I like this definition because it nails the nexus between emergent/iterative process and structured/practical action.  As implied in my appraisal, I believe that adopting an emergent/iterative approach at the program level is an essential means to learning and effectiveness…personally, I think this should be the overarching program philosophy that guides all that any development agency does.  Individual project designs then become a way for us to articulate “what we expect to happen” and M&E; becomes a way for us to “detect a mismatch”. 

If action at the ‘coal face’ is completely emergent how do we hope to decipher lessons?  At what frequency will the iterations of learning occur?  Will these iterations be long enough (within the life of a single project) to actually manifest clear trends and lessons (given the seasonal nature of rural/agricultural life and the pace of social transformation)?  What is there to safe-guard the project from whimsically (aka ‘responsively’) being influenced by local power and politics (competing agendas) within beneficiary communities?  Is there an assumption that there is consensus within the beneficiary community on what ‘the problems’ to be tackled are?  Are there sufficient resources allocated to allow the implementation team to pull on the ‘hand-brake’, rigorously analyse the context/findings, and genuinely implement the critical reflection demanded by action-learning cycles?

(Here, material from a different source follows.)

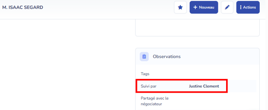 Pour savoir qui à la charge de l'acquéreur, vous pouvez le voir dans la fiche contact dans le bloc "Observations", champ "Suivi par".

In the context of the proposed Cambodian program, it may be well-and-good for an appraisal committee to endorse an emergent/iterative/learning approach to field work, but at the end of the day, people wearing the NGO’s t-shirts have to extract meaningful information about the success/failure of their collective actions…they have to learn.  If this can not be achieved, the emergent/iterative approach to field work is likely to become a fumbling ad hoc journey into ineffectiveness. 

This thinking has been much better articulated by several respected commentators.  Most notably, Dennis Rondinelli wrote a pivotal book called “Development projects as policy experiments”.  The essence of his thesis is that we need to dis-invest from the belief that any single project is an end in itself…it is unlikely to substantively ‘heal the world’.  Rather, the best we can do is treat each individual project as a means…as a social experiment…so that we (at the program level) can iteratively learn our way towards effectiveness, by extracting from each intervention context, precisely what the causes of failure and drivers of success actually are.  Each project simply becomes one piece in a bigger puzzle of learning about social complexity.  Several key thinkers within the world’s prominent INGOs are moving in this direction.  For example, World Vision’s recently deployed ‘LEAP Framework’ clearly articulates an iterative program approach; as does Actionaid’s ‘ALPS Framework’.

I offer all of this humbly recognising that I am not on the ground in Cambodia.  My distance may offer some objectivity, but equally, it may cloud my judgement.  If there is a solid rationale for the design, you can count me as a supporter.  My ‘black hat’ discourse is merely in the interests of pursuing effectiveness.  Whatever approach is adopted, the challenge is to critically assess and learn from the outcomes that transpire.  In the language of scientists, even a ‘null hypothesis’ offers useful learning.